Task prompt: A faithful copy of all the data is required; pictures should not be included.

Raw data:
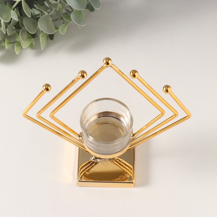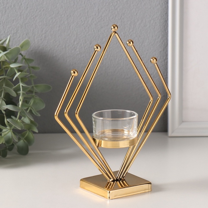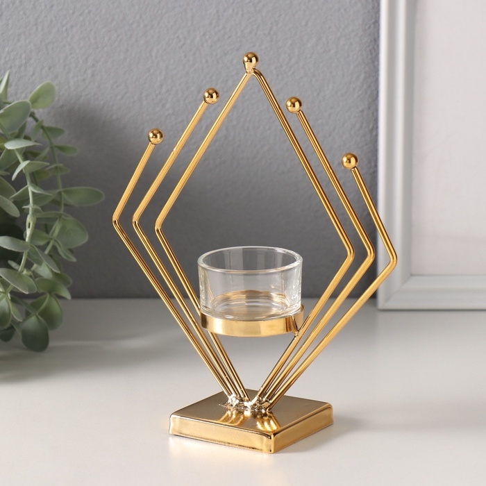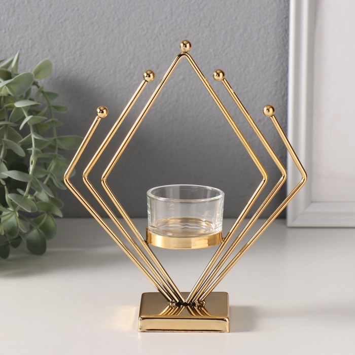 Подсвечник металл, стекло на 1 свечу "Золотой ромб" d=4,5 см 6х16х19 см
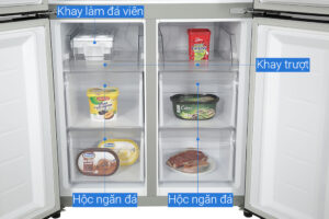 – Dung tích ngăn lạnh 316 lít. Bên trong tủ được thiết kế có kệ, ngăn đựng thực phẩm tươi và ngăn đựng thực phẩm khô. Ngoài ra, mỗi bên cánh cửa tủ lạnh cũng được thiết kế thêm khay chứa.
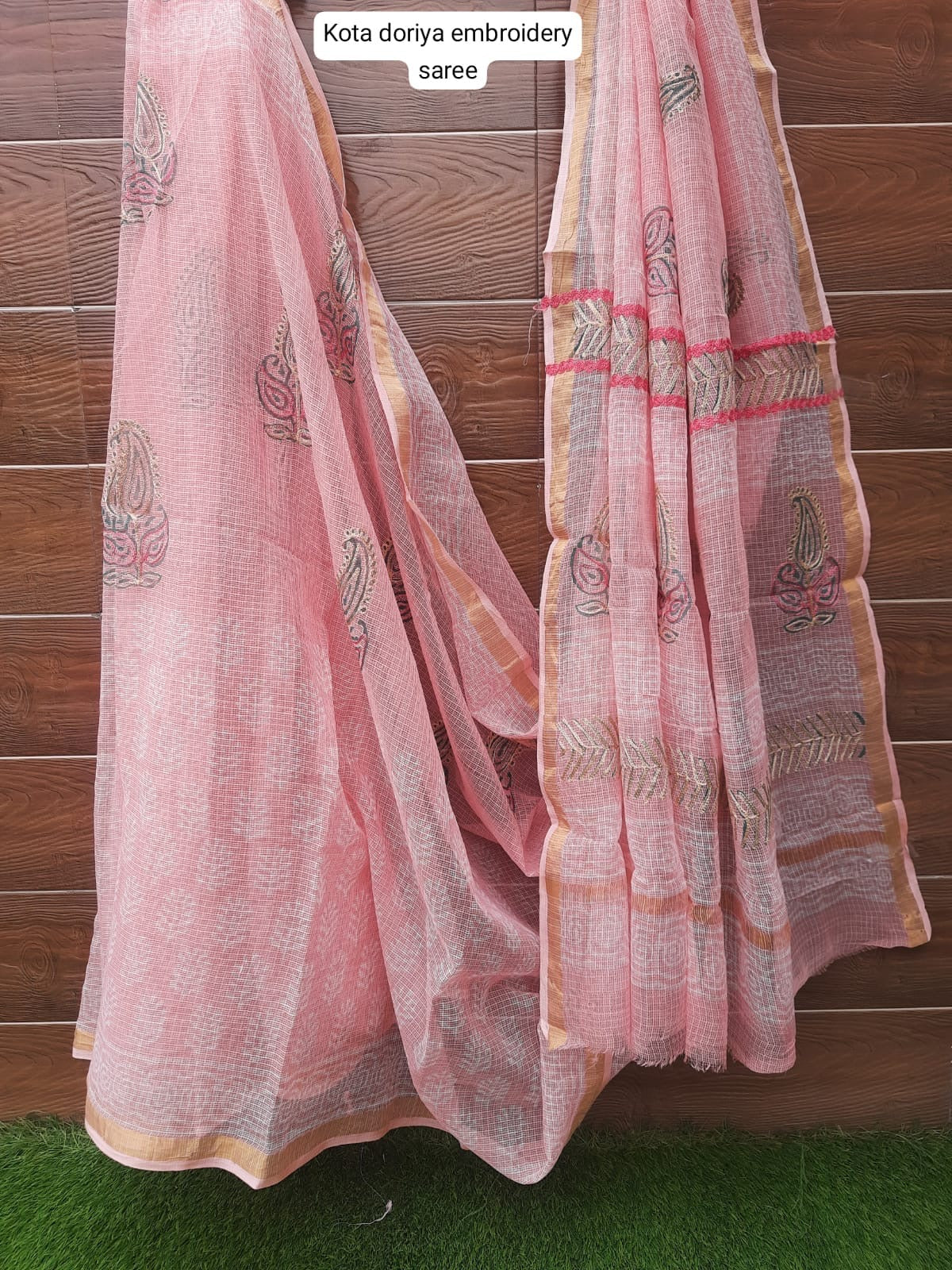 Peach Kota Doria Embroidery Saree
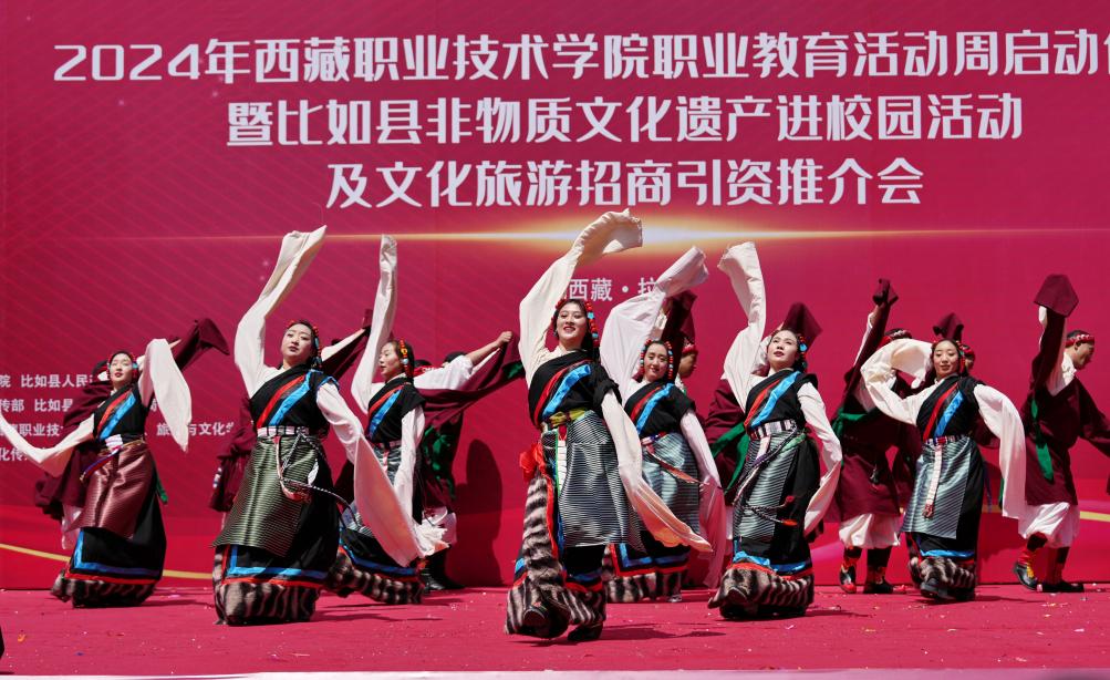 当日,西藏职业技术学院职业教育活动周在拉萨启动,那曲市比如县民族艺术团非物质文化遗产表演暨“乡村振兴 那曲奋进”旅游推介走进校园,激发人们对传统文化和特色旅游的兴趣。

Answer space:
 Подсвечник металл, стекло на 1 свечу "Золотой ромб" d=4,5 см 6х16х19 см
 – Dung tích ngăn lạnh 316 lít. Bên trong tủ được thiết kế có kệ, ngăn đựng thực phẩm tươi và ngăn đựng thực phẩm khô. Ngoài ra, mỗi bên cánh cửa tủ lạnh cũng được thiết kế thêm khay chứa.
 Peach Kota Doria Embroidery Saree
 当日,西藏职业技术学院职业教育活动周在拉萨启动,那曲市比如县民族艺术团非物质文化遗产表演暨“乡村振兴 那曲奋进”旅游推介走进校园,激发人们对传统文化和特色旅游的兴趣。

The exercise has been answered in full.